For certain domains, it just makes sense: their algorithms are more compelling when they're faster. For others, it takes a bit more thinking. Yes, intuitive user interfacing, such as natural language queries and gestures, can contribute significantly to richer client experiences. But these technologies are research-heavy and difficult to implement. So how else can you make your client apps richer today? Aside from increasing UI responsiveness in general, my radical suggestion is to start throwing away work.
What? Am I actually suggesting that you toss out your hard-earned CPU time as if it were yesterday's news? Yes, I am. In the days of faster and faster single-cores, CPU time was coveted—wasting it was getting in the way of doing something more important. With multicore and especially manycore machines, abundant processing resources afford the opportunity to make more compelling apps by doing both the important stuff and the not-so-important-but-still-useful stuff. You can now compute speculatively: predict what your user will do next, pre-compute the results, and have them ready when they're needed, if they're needed.

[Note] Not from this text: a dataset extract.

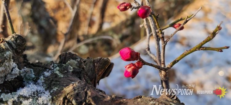 뉴스펀치 김용희 기자 | 입춘을 이틀 앞둔 2일, 밤사이 눈이 내린 가운데 광양시청 앞 미관광장 매화동산에서 홍매가 개화했다.
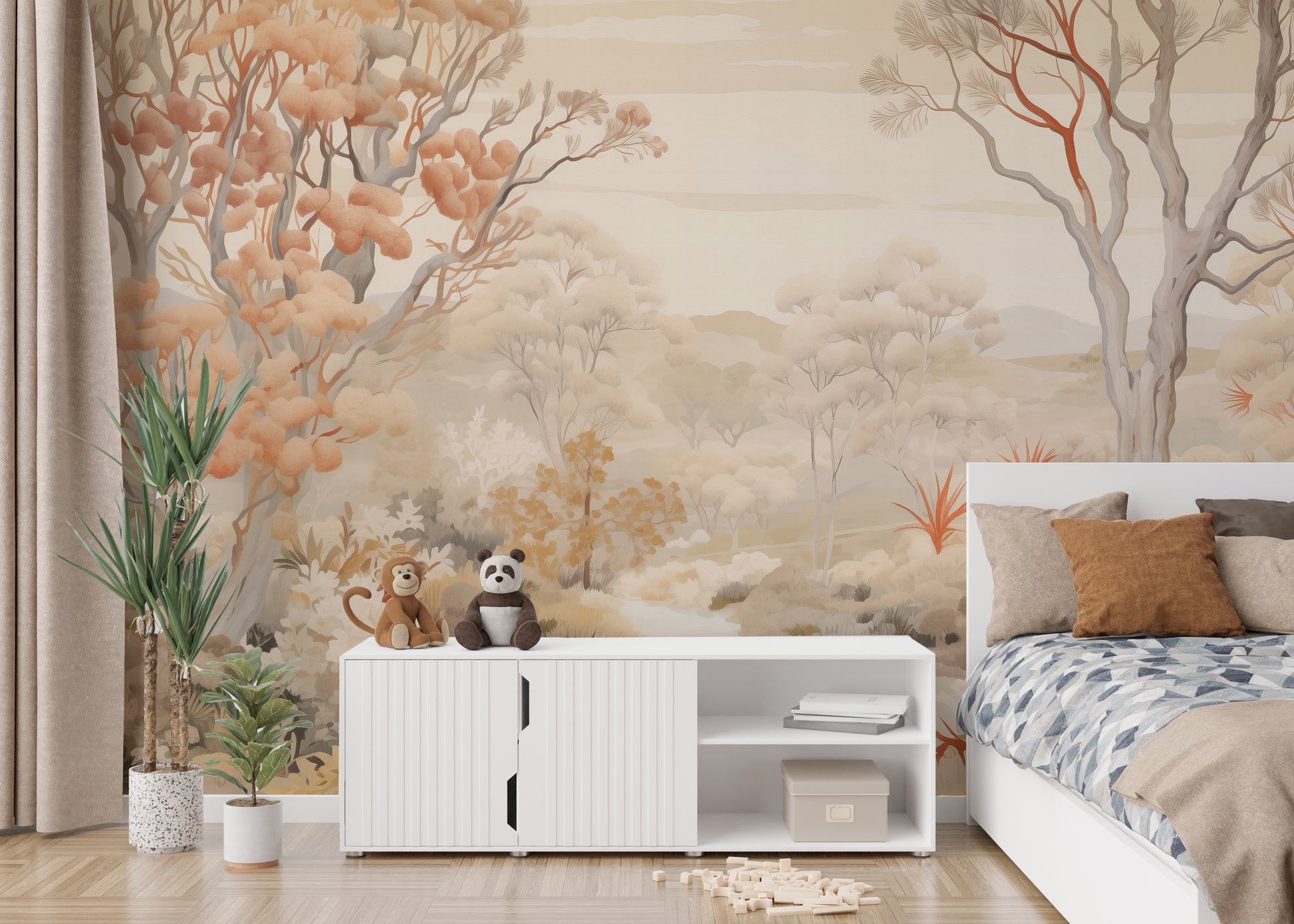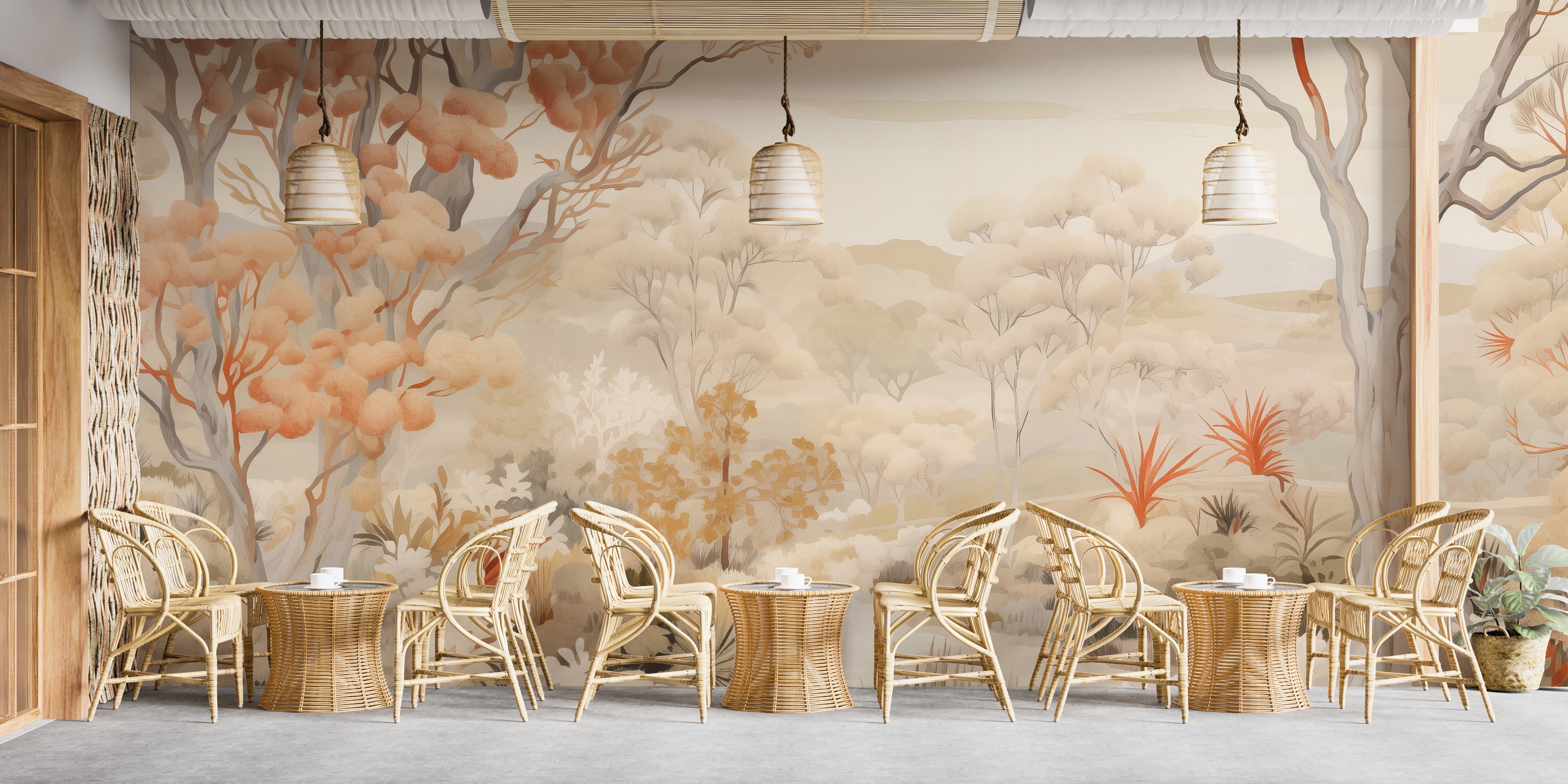 Bring nature indoors with a beautiful autumn forest mural wallpaper.

Consider a typical photo-editing suite bundled with filters for making your picture look like a painting or a pencil sketch. When you decide to apply a filter, you get a window with some canned picture that's already had each of the filters applied to it. Scroll through this box and search for the filter you want; after you've clicked it, the app chugs along, revealing the transformation to you piecemeal. After the wait, you decide that it doesn't look quite right. You undo, return to the filter box, and repeat.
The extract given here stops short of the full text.